4. Issue relocation request to move a random shard in the top k set. If the maximum limit of read-balance movement is reached, give up this relocation.
Note: The ValleyFiller chooses a source team from a random set with the largest LOAD, and a destination team with the least LOAD.
## Performance Test and Summary
### Metrics to measure
1. StorageMetrics trace event report “FinishedQueries” which means the current storage server finishes how many read operations. The rate of FinishedQueries is what we measure first. The better the load balance is, the more similar the FinishedQueries rate across all storage servers.
CPU utilization. This metric is in a positive relationship with “FinishedQueries rate”. A even “FinishedQueries” generally means even CPU utilization in the read-only scenario.
2. Data movement size. We want to achieve load balance with as little movement as possible;
3. StandardDeviation(FinishedQueries). It indicates how much difference read load each storage server has.
### Typical Test Setup
120GB data, key=32B, value=200B; Single replica; 8 SS (20%) serves 80% read; 8 SS servers 60% write; 4 servers are both read and write hot; TPS=100000, 7 read/txn + 1 write/txn;
### Test Result Summary and Recommendation
* With intersected sets of read-hot and write-hot servers, read-aware DD even out the read + write load on the double-hot (be both read and write hot) server, which means the converged write load is similar to disk rebalance only algorithm.

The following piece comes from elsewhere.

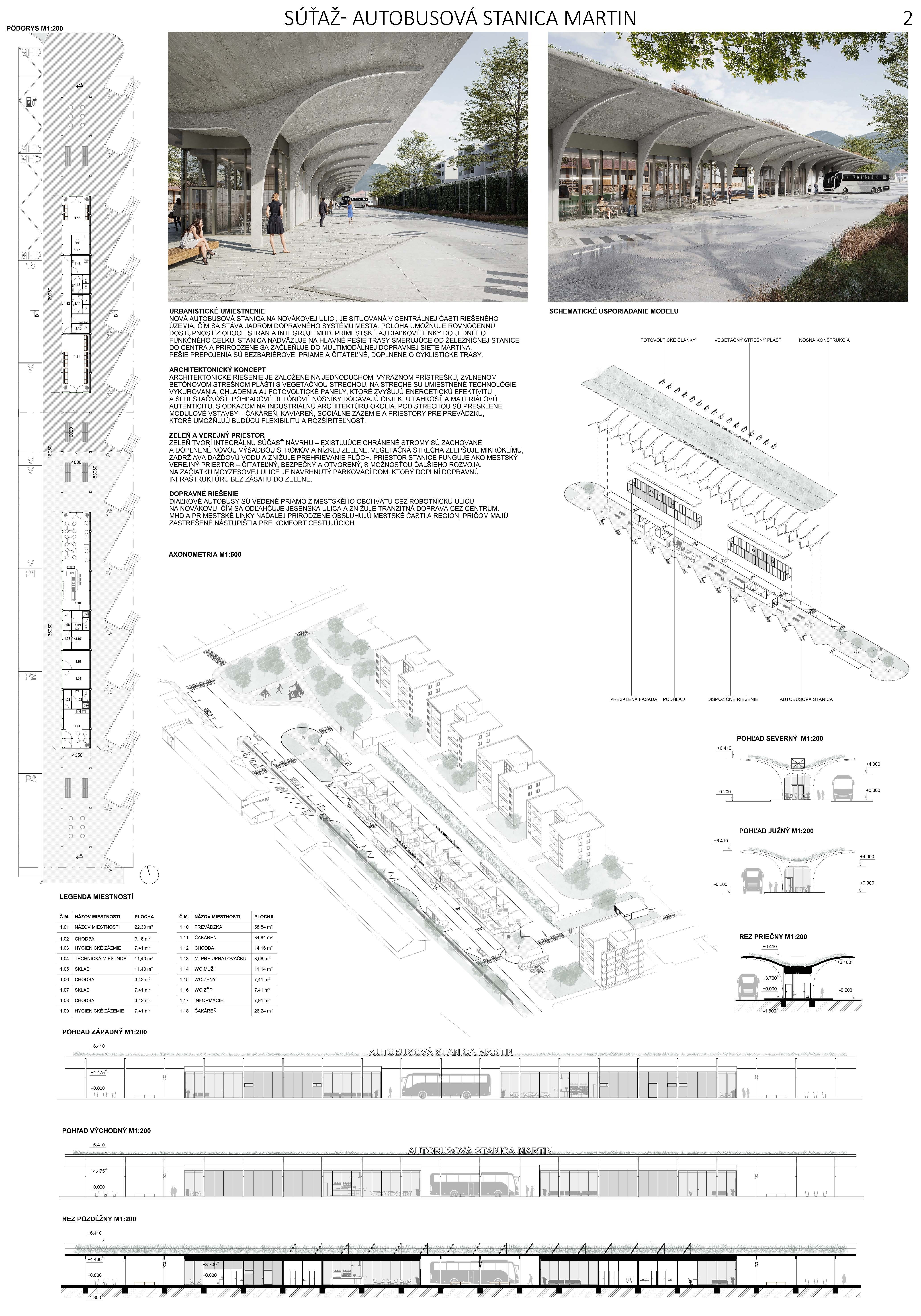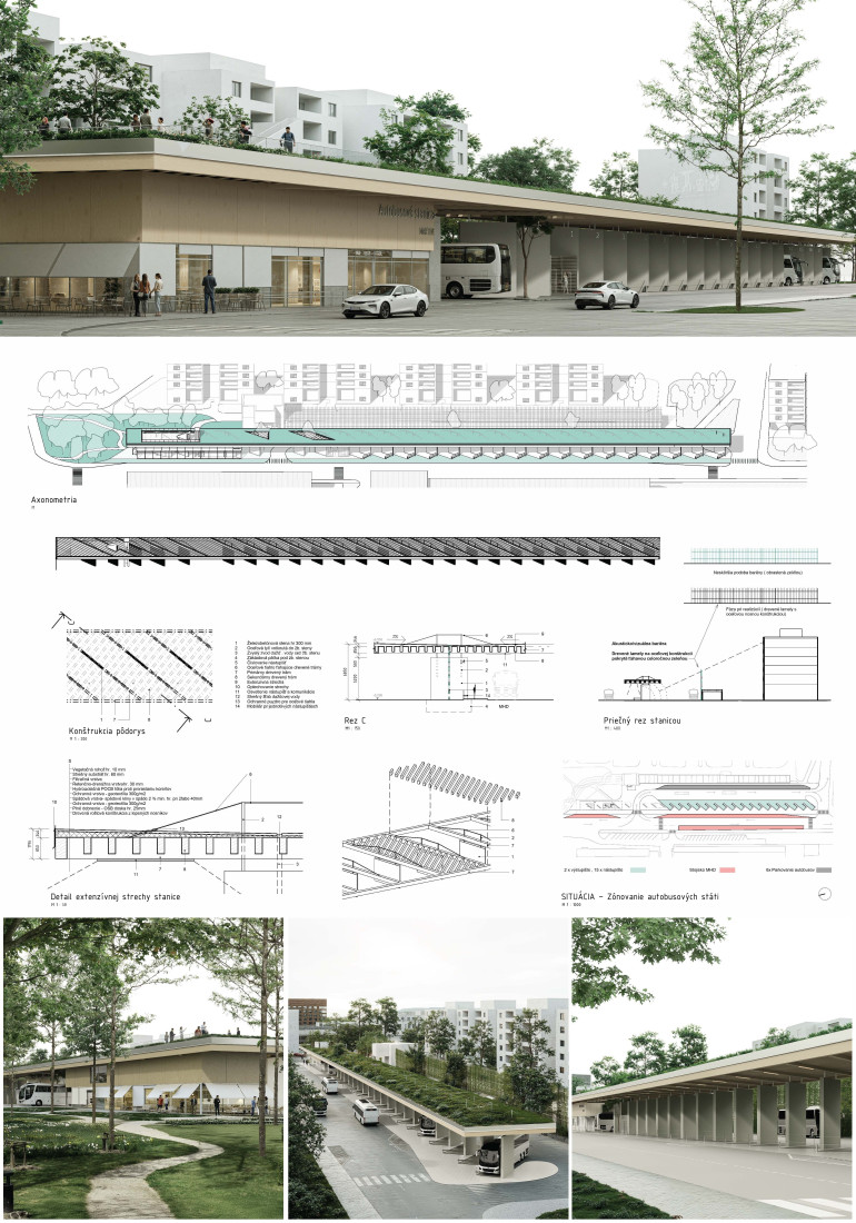 Architektonický návrh, založený na striktnom koncepčnom module. V návrhu boli identifikované predovšetkým prevádzkové a funkčné nedostatky/riziká, ktoré by znižovali komfort cestujúcich. Hoci autori priniesli racionálny konštrukčný systém uľahčujúci prefabrikáciu, jeho praktické uplatnenie v prostredí autobusovej stanice Martin naráža na limity. Pozitívne hodnotíme prehľadné dispozičné členenie a logické oddelenie čistých zón pre verejnosť od zázemia pre zamestnancov. Zásadným negatívom, ktoré návrh odsunulo na nižšiu priečku, je však príliš úzke a nedostatočné prestrešenie nástupíšť. V klimatických podmienkach Martina takéto riešenie neposkytuje adekvátnu ochranu pred zrážkami, najmä pri veternom počasí. Kritickým bodom je umiestnenie lavičiek a čakajúcich priestorov mimo hlavnej zóny prístrešku, čo zásadne znižuje užívateľský štandard. Použitie jemného bieleho plechu na pohľadových plochách pôsobí v návrhoch esteticky, no vyvoláva vážne obavy o náročnosť dlhodobej údržby. Zahrnutie fotovoltických panelov a vegetačnej strechy je v súlade s environmentálnymi požiadavkami, no v rámci súťaže ide o štandardné riešenie... Porota dospela k záveru, že investícia do takejto konštrukcie by nepriniesla potrebnú pridanú hodnotu v kľúčovom parametri „Komfort cestujúcich“.

* Read-aware DD will balance the read workload under the read-skew scenario. Starting from an imbalance `STD(FinishedQueries per minute)=16k`,the best result it can achieve is `STD(FinishedQueries per minute) = 2k`.
* The typical movement size under a read-skew scenario is 100M ~ 600M under default KNOB value `READ_REBALANCE_MAX_SHARD_FRAC=0.2, READ_REBALANCE_SRC_PARALLELISM = 20`. Increasing those knobs may accelerate the converge speed with the risk of data movement churn, which overwhelms the destination and over-cold the source.
* The upper bound of `READ_REBALANCE_MAX_SHARD_FRAC` is 0.5. Any value larger than 0.5 can result in hot server switching.
* When needing a deeper diagnosis of the read aware DD, `BgDDMountainChopper_New`, and `BgDDValleyFiller_New` trace events are where to go.